2

environment: python 3.6.4

I have two list,
list1 is nested list of words, like

[['this', 'is', 'a', 'pen', 'that', 'is', 'a', 'desk'],
 ['this', 'is', 'an', 'apple']]

list2 is list of words to remove from list1 , like

['a', 'an']

I want to get new list like

[['this', 'is', 'pen', 'that', 'is', 'desk'],
 ['this', 'is', 'apple']]

and won't change list1.

I wrote below code, but my code destroy list1, where's wrong my code?
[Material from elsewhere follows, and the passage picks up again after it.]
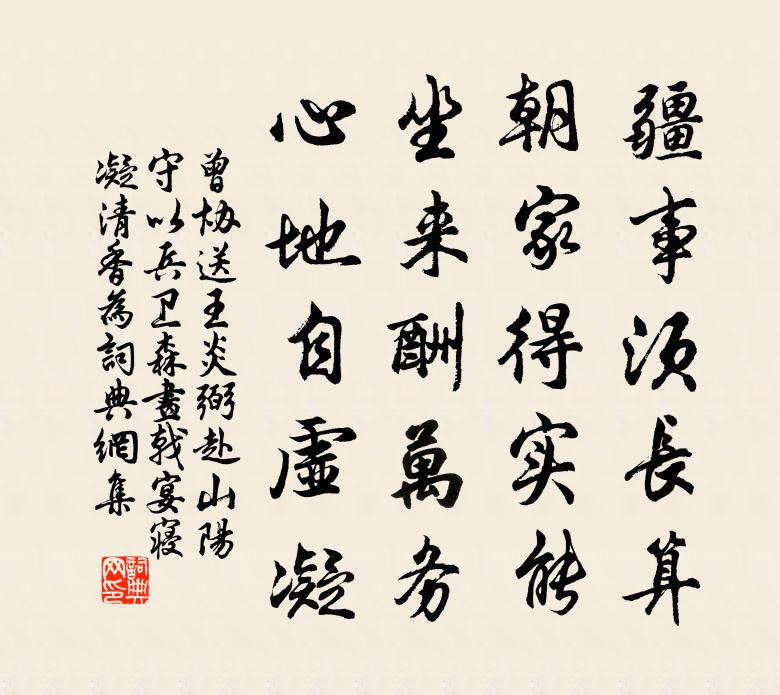 詩詞名句歷史字典書法欣賞書法字典國語詞典說文解字康熙字典古漢語字典標 題 作 者 詩 句 送王炎弼赴山陽守以兵衛森畫戟宴寢凝清香為作者:曾協 朝代:宋代原文疆事須長算,朝家得實能。坐來酬萬務,心地自虛凝。詩詞問答問:《送王炎弼赴山陽守以兵衛森畫戟宴寢凝清香為》的作者是誰?答:曾協問:該詩寫於哪個朝代?答:宋代書法欣賞送王炎弼赴山陽守以兵衛森畫戟宴寢凝清香為書法作品詩文賞析【原題】:送王炎弼赴山陽守以兵衛森畫戟宴寢凝清香為韻十首詩詞推薦和王潛齋韻送聞人松庵二首李曾伯〔宋代〕子之為術我為官,以易占之火在山。同在雙湖湖上住,大家攜手故鄉還。念奴嬌(用東坡赤壁韻)辛棄疾〔宋代〕倘來軒冕,問還是、今古人間何物。舊日重城愁萬里,風月而今堅壁。藥籠功名,酒壚身世,可惜蒙頭雪。浩歌一句盤隱末子〔宋代〕桃林我憶放牛日,茯圃誰思逸馬時。挽方粹岩仲二首劉克莊〔宋代〕上世師朱氏,慈闈祖艾軒。惓惓篡遺緒,歷歷識前言。柳記多先友,遷書賴外孫。悲哉此奇士,寂寞向寒源。護國寺秋吟八首白玉蟾〔宋代〕香篆孤煙裊,燈龕寸火微。夢和明月冷,心與白雲飛。若耶溪錢公輔〔宋代〕若耶溪出若耶山,浪影溶溶入醉顏。仙客曾因一箭贈,樵風長到五雲關。數峰蘸碧輕清外,雙舸浮春上下閒。料得高淳道中范成大〔宋代〕路入高淳麥更深,草泥沾潤馬駸駸。雨歸隴首雲凝黛,日漏山腰石滲金。老柳不春花自蔓,古祠無壁樹空陰。一簞公無渡河釋文珦〔宋代〕河源來自昆倉西,滔天沃日無津涯,櫂夫漁子不敢窺。公欲徑渡公誠痴,痴公溺死如何為。竟委骨肉於蛟螭,徒使立秋後蘇轍〔宋代〕伏中苦熱焦皮骨,秋後清風渥肺肝。天地不仁誰念爾,身心無著偶能安。詩書久為消磨日,毛褐還須準擬寒。謾許上巳日阻雨和王沖之韻王之道〔宋代〕袚除聊復對江亭,樽酒相從一笑傾。那得引時仍此樂,況逢難弟與難兄。潺潺暮雨檐間溜,滑滑春泥柳外聲。好在雜詠八首王安石〔宋代〕萬物餘一體,九州餘一家。秋毫不為小,徼外不為遐。不識壽與夭,不知貧與賒。忘心乃得道,道不去紛華。近跡信都公家白兔王安石〔宋代〕水精為宮玉為田,姮娥縞衣洗朱鉛。宮中老兔非日浴,天使潔白宜嬋娟。揚須弭足桂樹間,桂花如霜亂後前。赤鴉寄酬朱大後亭夜坐留別李回〔唐代〕十夜郡城宿,苦吟身未閒。那堪西郭別,雪路問青山。聞鶯陸九淵〔宋代〕百喙吟春不暫停,長疑春意未丁寧。數聲綠樹黃鸝曉,如笑從前著意聽。龍門看花竇庠〔唐代〕無葉無枝不見空,連天撲地徑才通。山鶯驚起酒醒處,火焰燒人雪噴風。宮詞宋白〔宋代〕微雨點月漢宮秋,水殿疏螢黑處流。鳳管不調慵進曲,卻排銀燭夜藏鉤。夫人黃氏輓詩許應龍〔宋代〕樞庭勇退古無前,內助端由婦德賢。燠館涼台供燕樂,袞衣褕翟慶聯翩。雖雲生死皆同歲,猶恨徜徉未百年。遙想緣識宋太宗〔宋代〕善惡由人作,修心勿亂為。邪求無實事,如影定相隨。妄想終成偽,行貪未可知。天生分異等,道德立尊卑。日月簡劉致中兄弟李處權〔宋代〕祖筆摩空有賦聲,長楊羽獵舊齊名。頗推門第多人物,故作樓居遠世情。我輩一生悲短褐,君家五字倚長城。武陵向察推檄至會昌賦所懷呈似二首曾豐〔宋代〕文簡家風淡,薌林句法清。今能傳幾世,君復擁全名。猶及識前輩,未嘗輕後。崆峒風月里,許我共詩盟。名句推薦茶鼎熟,酒卮揚,醉來詩興狂。張大烈《阮郎歸·立夏》 雨色秋來寒,風嚴清江爽。李白《酬裴侍御對雨感時見贈》 遙想公瑾當年,小喬初嫁了,雄姿英發。蘇軾《念奴嬌·赤壁懷古》 忍淚不能歌,試托哀弦語晏幾道《生查子·墜雨已辭雲》 君子泰而不驕,小人驕而不泰。孔子弟子《論語·子路篇》 霰雪紛其無垠兮,雲霏霏而承宇。屈原《九章》 五更鼓角聲悲壯,三峽星河影動搖。杜甫《閣夜》 君子之澤五世而斬孟子《孟子·離婁章句下·第二十二節》 登舟望秋月,空憶謝將軍。李白《夜泊牛渚懷古》 芳菊開林耀,青松冠岩列。陶淵明《和郭主簿·其二》

def remove_duplicate_element_in_nested_list(li1, li2):
    """
    :param li1: <list> nested_sentences
    :param li2: <list> words_to_remove
    :return: <list>
    """
    ret = []
    for el1 in li1:
        ret.append(el1)

    for i in range(len(ret)):
        for el2 in li2:
            try:
                # list.remove() remove only one element. so loop this.
                for el in ret[i]:
                    ret[i].remove(el2)
            except ValueError:
                None

    return ret

words = [['this', 'is', 'a', 'pen', 'this', 'is', 'a', 'desk'], ['this', 'is', 'an', 'apple']]
stop_words = ['a', 'an']

print(words)
# shows [['this', 'is', 'a', 'pen', 'that', 'is', 'a', 'desk'], ['this', 'is', 'an', 'apple']]
new_words = remove_duplicate_element_in_nested_list(words, stop_words)
print(words)
# shows [['this', 'is', 'pen', 'that', 'is', 'desk'], ['this', 'is', 'apple']]
Hariom Singh
  • 3,512
  • 6
  • 28
  • 52
rootpetit
  • 421
  • 2
  • 10
  • 23
  • 1
    Possible duplicate of [Python variable reference assignment](https://stackoverflow.com/questions/11222440/python-variable-reference-assignment) – Adelin Jan 17 '18 at 07:53
  • `ret.append(el1)` appends a reference to the same list held in `li1` to `ret`, so when you mutate the list with `ret[i].remove(el2)`, those changes are visible everywhere where you hold a reference to that list. – Ilja Everilä Jan 17 '18 at 07:53
  • @Adelin u probably got the wrong link – user1767754 Jan 17 '18 at 07:54
  • ??? how do you call it removal of duplicate element??? your requirement seems that you want to remove element from list 1 which are exist in list 2 – Gahan Jan 17 '18 at 07:54
  • 2
    Possible duplicate of [Python copy a list of lists](https://stackoverflow.com/questions/28684154/python-copy-a-list-of-lists), also relevant: [How to clone or copy a list?](https://stackoverflow.com/questions/2612802/how-to-clone-or-copy-a-list) – Ilja Everilä Jan 17 '18 at 07:54
  • Actually there are multiple possible questions. Even [this one](https://stackoverflow.com/questions/986006/how-do-i-pass-a-variable-by-reference). The problem is the list modified is being passed by reference, so I linked to a similar question – Adelin Jan 17 '18 at 07:55
  • 1
    @Adelin Though I don't actually know how, a question can be closed as a duplicate of multiple targets. I guess that could possibly apply here. Otherwise this will gather a ton of almost identical answers to a problem that has been explained elsewhere already. – Ilja Everilä Jan 17 '18 at 07:56
  • @rootpetit You should read ["Facts and myths about Python names and values"](https://nedbatchelder.com/text/names.html) by Ned Batchelder. It explains how Python's variables (names) work in detail, but in a way that is approachable. – Ilja Everilä Jan 17 '18 at 08:03
  • You're also mutating a list while iterating over it in `for el in ret[i]: ret[i].remove(el2)`, which is a bad idea (tm). – Ilja Everilä Jan 17 '18 at 08:36
  • I have to learn python's reference mechanism. I'll read links. Thanks. – rootpetit Jan 17 '18 at 08:39

7 Answers7

2

ret.append(el1) will not copy the inner list, it copies the reference to the inner list instead.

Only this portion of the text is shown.